The Power of Praising the Positive

Recognizing positive behavior can feel disingenuous when a child struggles with numerous behaviors.  Helping parents to grasp the importance of praise can also be a challenge.  For you and for parents, a good exercise is to make a list of all the good things about this child.  I use the term “things” because it could be anything from “funny” to “they took out the recycling last week.”  For this exercise, it doesn’t matter that being funny is mostly at their sibling’s expense, or that when they took out the recycling they left a trail all the way down the stairs.  The point is there are still positive elements - the child has a sense of humor and attempts chores.  Take any trait or “thing” from the list and think about how you might praise the child.  Each time they make a joke that is not at the expense of another person, you laugh or say “you know, you’re pretty funny.”  Or what if you said “thank you so much for taking out the recycling.  Once you’ve picked up the containers on the stairs you’ll be done.”  The key is to mean it and not add qualifiers - “you know, you’re pretty funny, but no more making fun of other people like usual” or “thanks for taking out the recycling, but you dropped stuff everywhere!”  However, on the same note, you’re not ignoring negative behavior - if the child is mean to his/her sibling he/she needs to apologize, but this behavior is separate and it is important to keep it that way.  You are also not telling the child that they did a great job with the recycling and you will help them pick up the containers they dropped.  
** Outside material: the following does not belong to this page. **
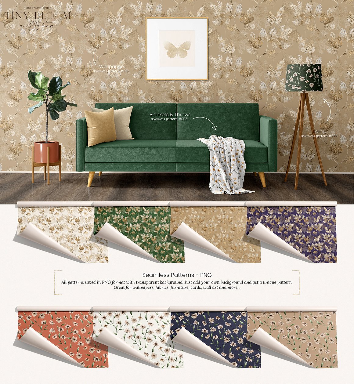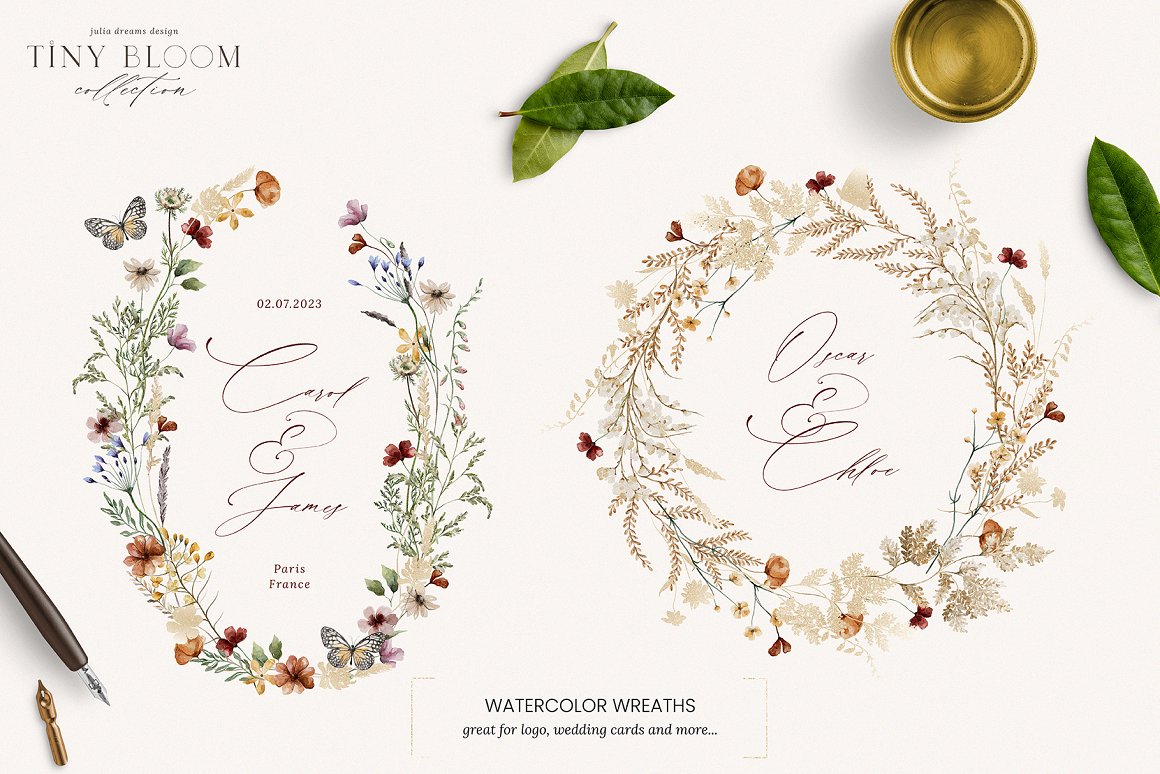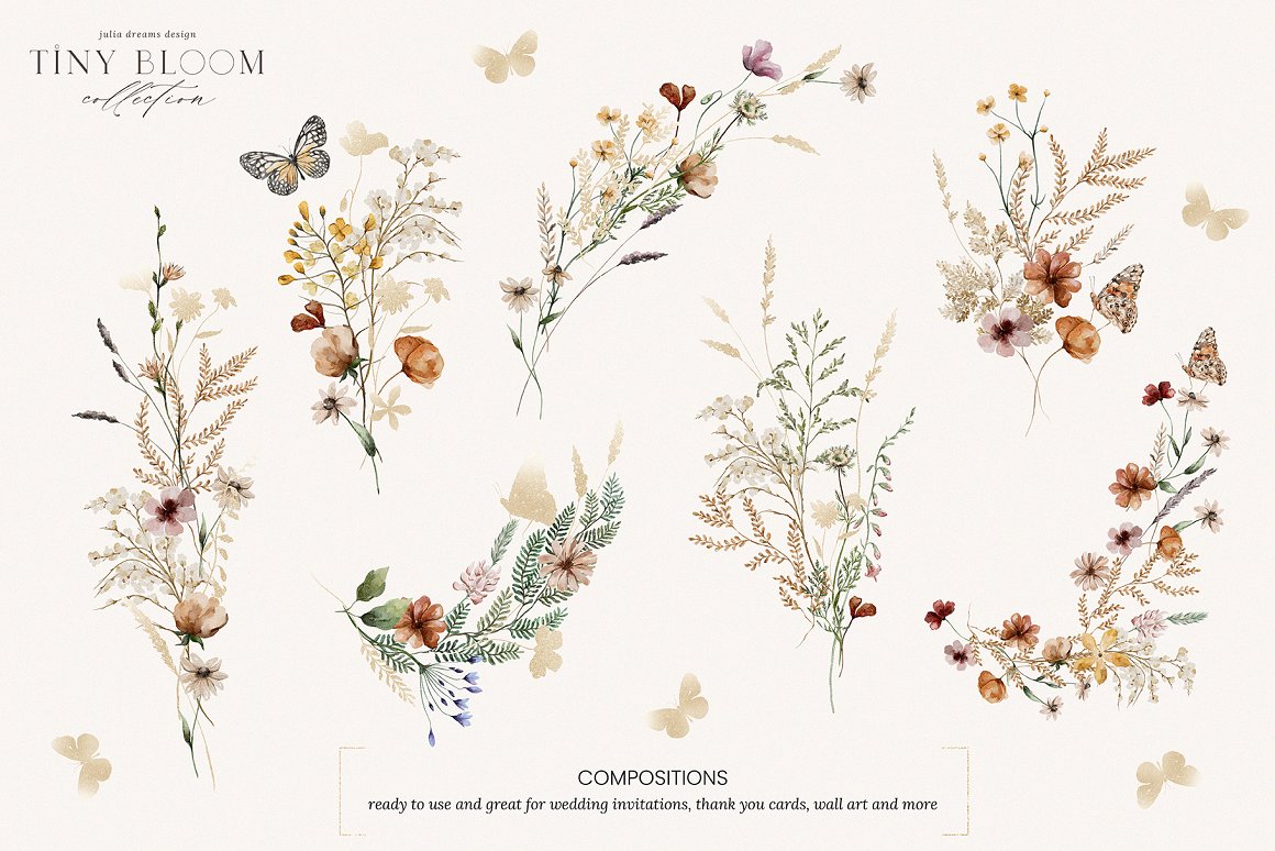 Tiny Bloom Collection great for wedding invites, wall art prints, greeting cards, gifts, logo, posters, cards, branding, planners, covers, social media accounts, wrapping paper, wallpaper, fabric, scrapbooking, stickers, sites, blogs, invitations and for many more.

Using praise can be effective even in dangerous situations when we feel compelled to yell, "what ever you do don't  _______!!"  Yelling this can promote the undesired outcome.  Praising a child in a sticky situation does not absolve bad behavior; instead the focus is safety first, consequences later.  A well-trained professional was working with a very behaviorally challenging child who had climbed up on the heating vent of a classroom and was in a position that if he were to move a few feet in either direction he would incur serious burns.  This professional had to think quickly.  She started praising him while the aide rushed to seek the kind of help that required a ladder.  "Nice job staying still" "you're being very safe right now, good work," she calmly said.  Notice she did not say, "you're a good performer" or “you’d be a great acrobat.”